The entries are to be written out word for word, with their images left out.

##############################

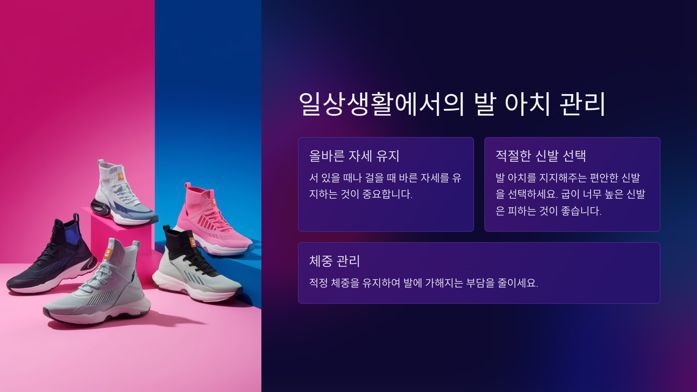 - 👟 발에 맞는 신발 착용: 푹신하고 발을 잘 받쳐주는 신발을 신어요.
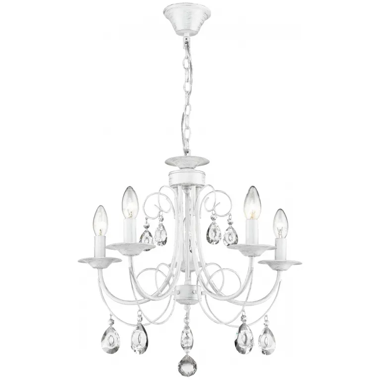 Преобладающий цвет арматуры: Белый с патиной; материал изготовления арматуры: Металл, размеры, мм: / высота 950 / диаметр 530. Общая мощность – 300 Ватт, а максимальная площадь освещения до 15 м2. Основной тип ламп, предусмотренный производителем: Накаливания с цоколем E14. В зависимости от предпочтений можно использовать лампы теплового, холодного или нейтрального света, за исключением люстр с типом цоколя LED.
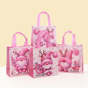 粉色少女心无纺布袋浪漫节日礼物手提袋氛围感粉色圣诞老人印花袋
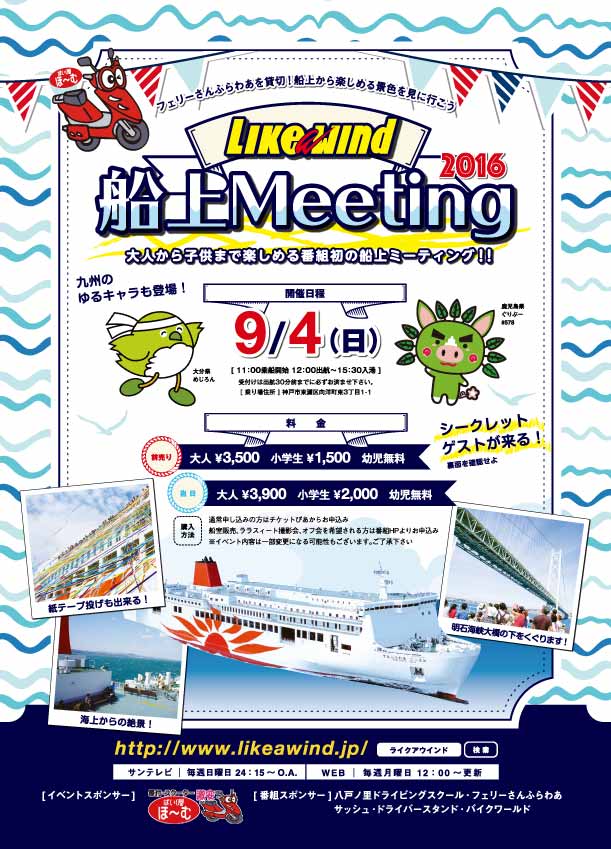 明日9/4(日)に予定されているLike a wind 船上ミーティングですが
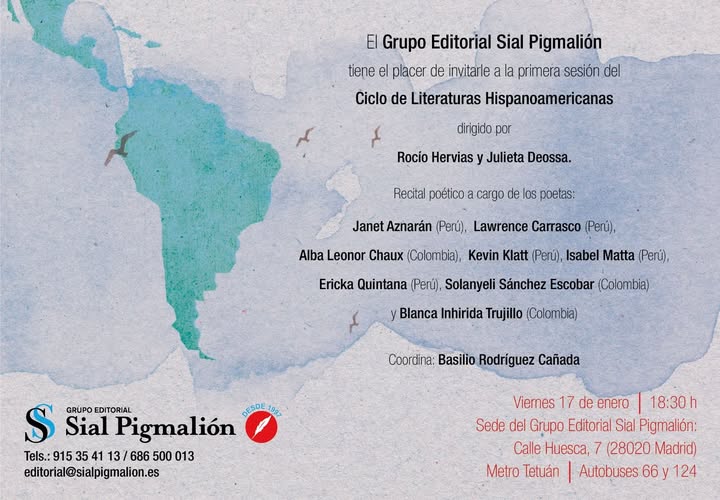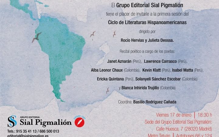 El próximo viernes 17 de enero a las 18:30 horas, Lawrence Carrasco, poeta de la Editorial Ultramarina Cartonera & Digital, participará en la primera sesión del Ciclo de Literaturas Hispanoamericanas organizado por el Grupo Editorial Sial Pigmalión.
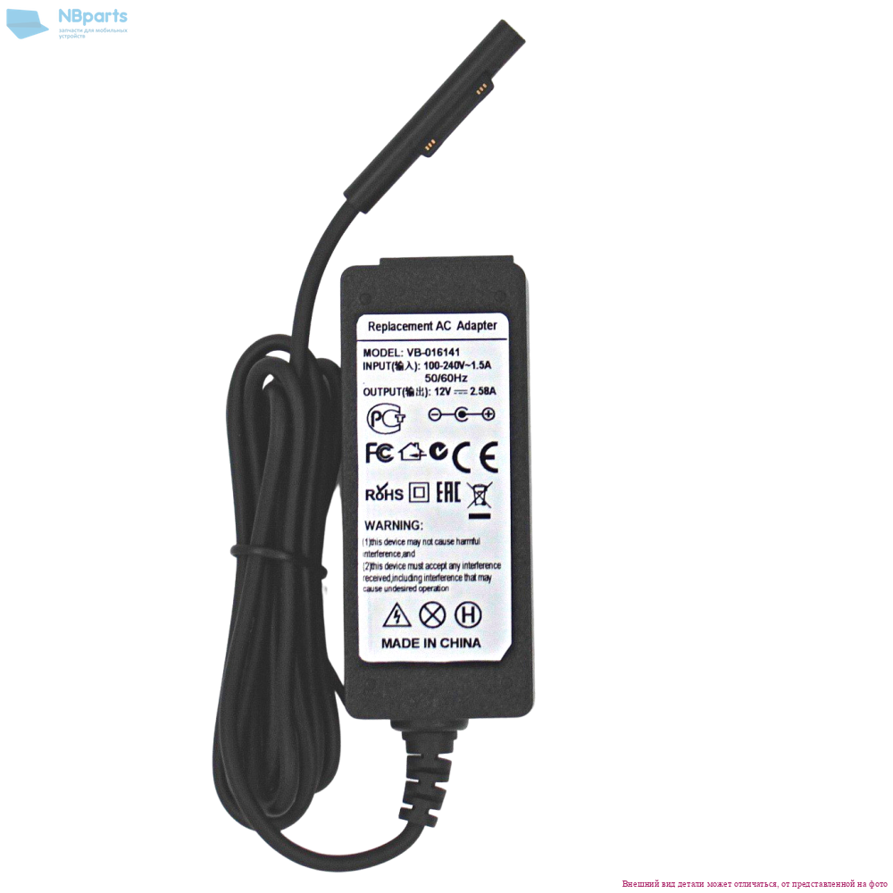 Блок питания (зарядное устройство) для планшета Microsoft Surface Pro 3, Pro 4, 30W, 12V 2.58A, копия без сетевого кабеля
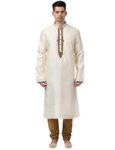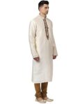 Perfectly cut, this fawn colored kurta set from the house of Raymond radiates oodles of style and class. The 100% polyester fabric makes this kurta set for men soft and super comfortable to wear. Pair up this kurta set brown colored juttis. Kurta with embroidery all over, band collar and full sleeves. Churidar with drawstring fastening.
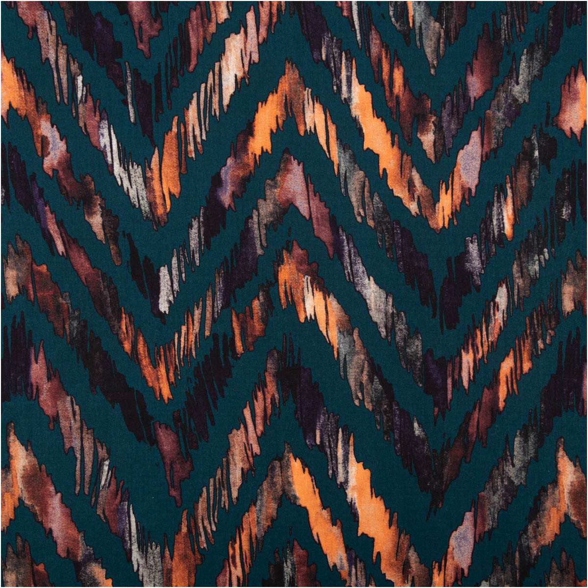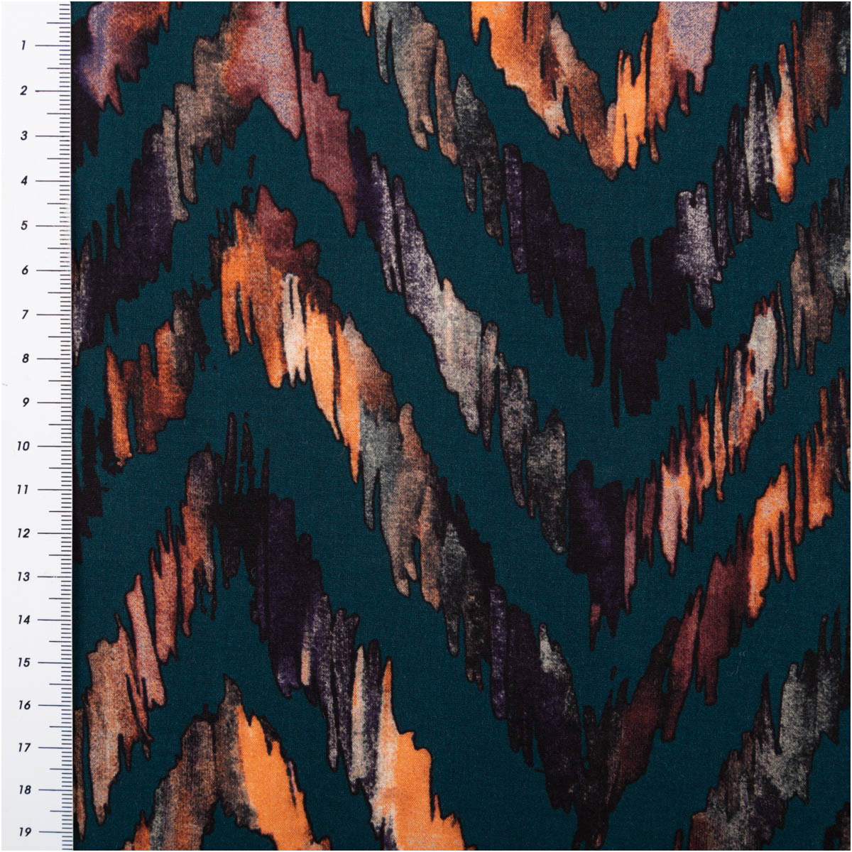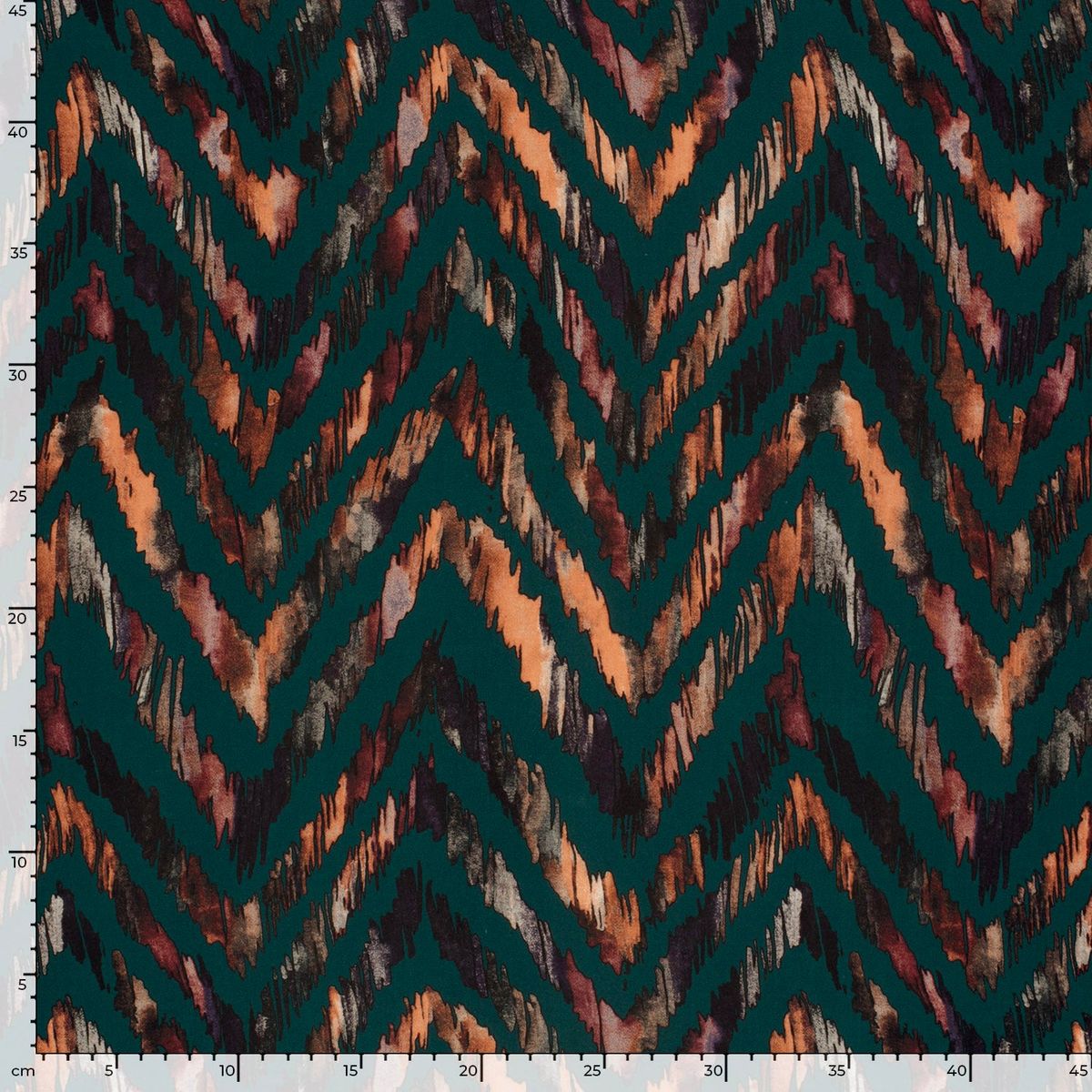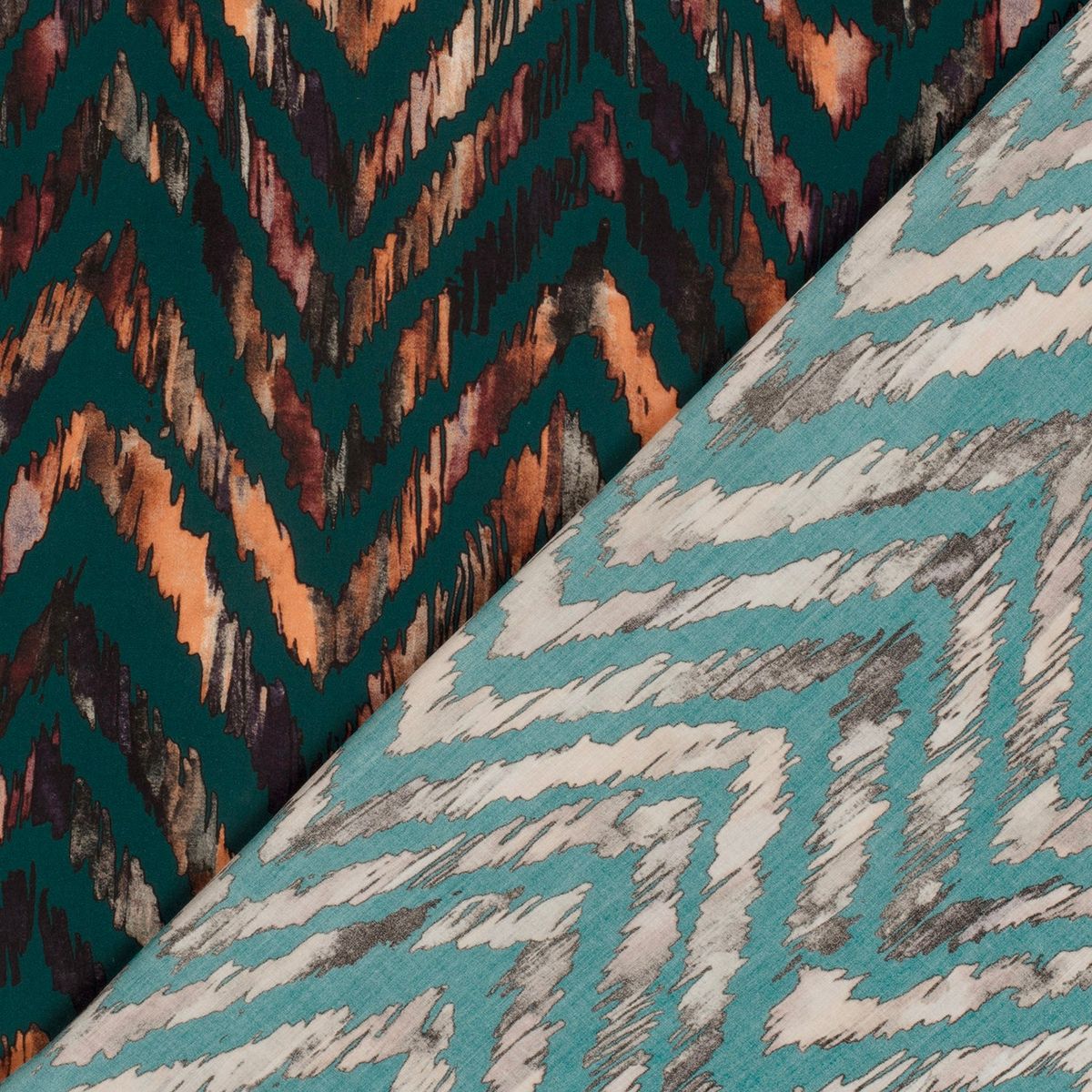 Leichte, glatte Viskose-Popeline mit abstraktem Zickzack-Dessin in warmen Naturtönen auf Dunkelgrün. Mit 145 cm Breite und ca. 110 g/m² ist er perfekt für luftige Sommer-Looks – kühl auf der Haut, weich fallend und angenehm zu tragen.
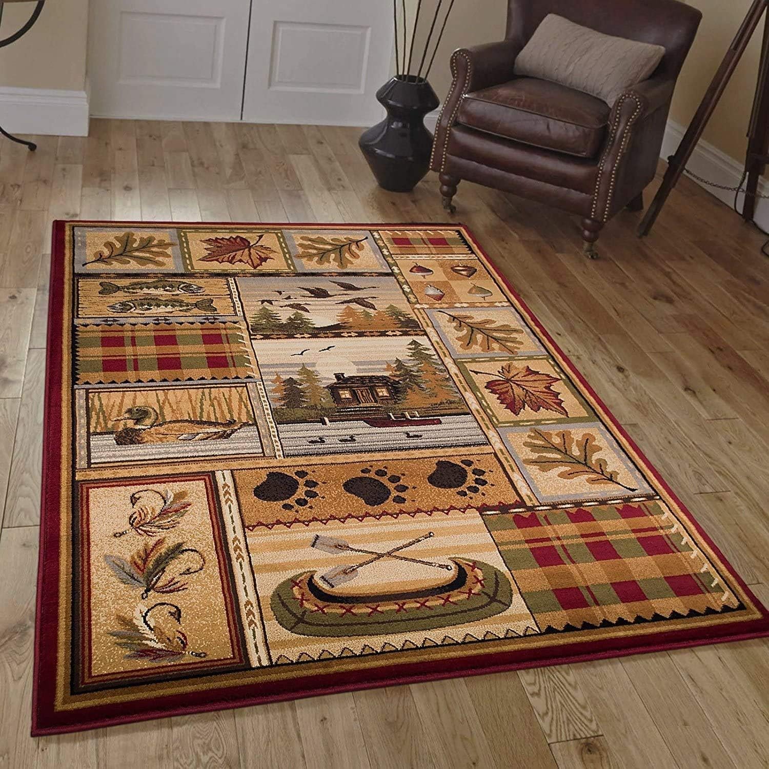 Wildlife Nature Cabin Lodge Scene Boat Fish Flying s Area Rug Carpet (2 Feet X 3 Feet)

##############################

Solution —
 - 👟 발에 맞는 신발 착용: 푹신하고 발을 잘 받쳐주는 신발을 신어요.
 Преобладающий цвет арматуры: Белый с патиной; материал изготовления арматуры: Металл, размеры, мм: / высота 950 / диаметр 530. Общая мощность – 300 Ватт, а максимальная площадь освещения до 15 м2. Основной тип ламп, предусмотренный производителем: Накаливания с цоколем E14. В зависимости от предпочтений можно использовать лампы теплового, холодного или нейтрального света, за исключением люстр с типом цоколя LED.
 粉色少女心无纺布袋浪漫节日礼物手提袋氛围感粉色圣诞老人印花袋
 明日9/4(日)に予定されているLike a wind 船上ミーティングですが
 El próximo viernes 17 de enero a las 18:30 horas, Lawrence Carrasco, poeta de la Editorial Ultramarina Cartonera & Digital, participará en la primera sesión del Ciclo de Literaturas Hispanoamericanas organizado por el Grupo Editorial Sial Pigmalión.
 Блок питания (зарядное устройство) для планшета Microsoft Surface Pro 3, Pro 4, 30W, 12V 2.58A, копия без сетевого кабеля
 Perfectly cut, this fawn colored kurta set from the house of Raymond radiates oodles of style and class. The 100% polyester fabric makes this kurta set for men soft and super comfortable to wear. Pair up this kurta set brown colored juttis. Kurta with embroidery all over, band collar and full sleeves. Churidar with drawstring fastening.
 Leichte, glatte Viskose-Popeline mit abstraktem Zickzack-Dessin in warmen Naturtönen auf Dunkelgrün. Mit 145 cm Breite und ca. 110 g/m² ist er perfekt für luftige Sommer-Looks – kühl auf der Haut, weich fallend und angenehm zu tragen.
 Wildlife Nature Cabin Lodge Scene Boat Fish Flying s Area Rug Carpet (2 Feet X 3 Feet)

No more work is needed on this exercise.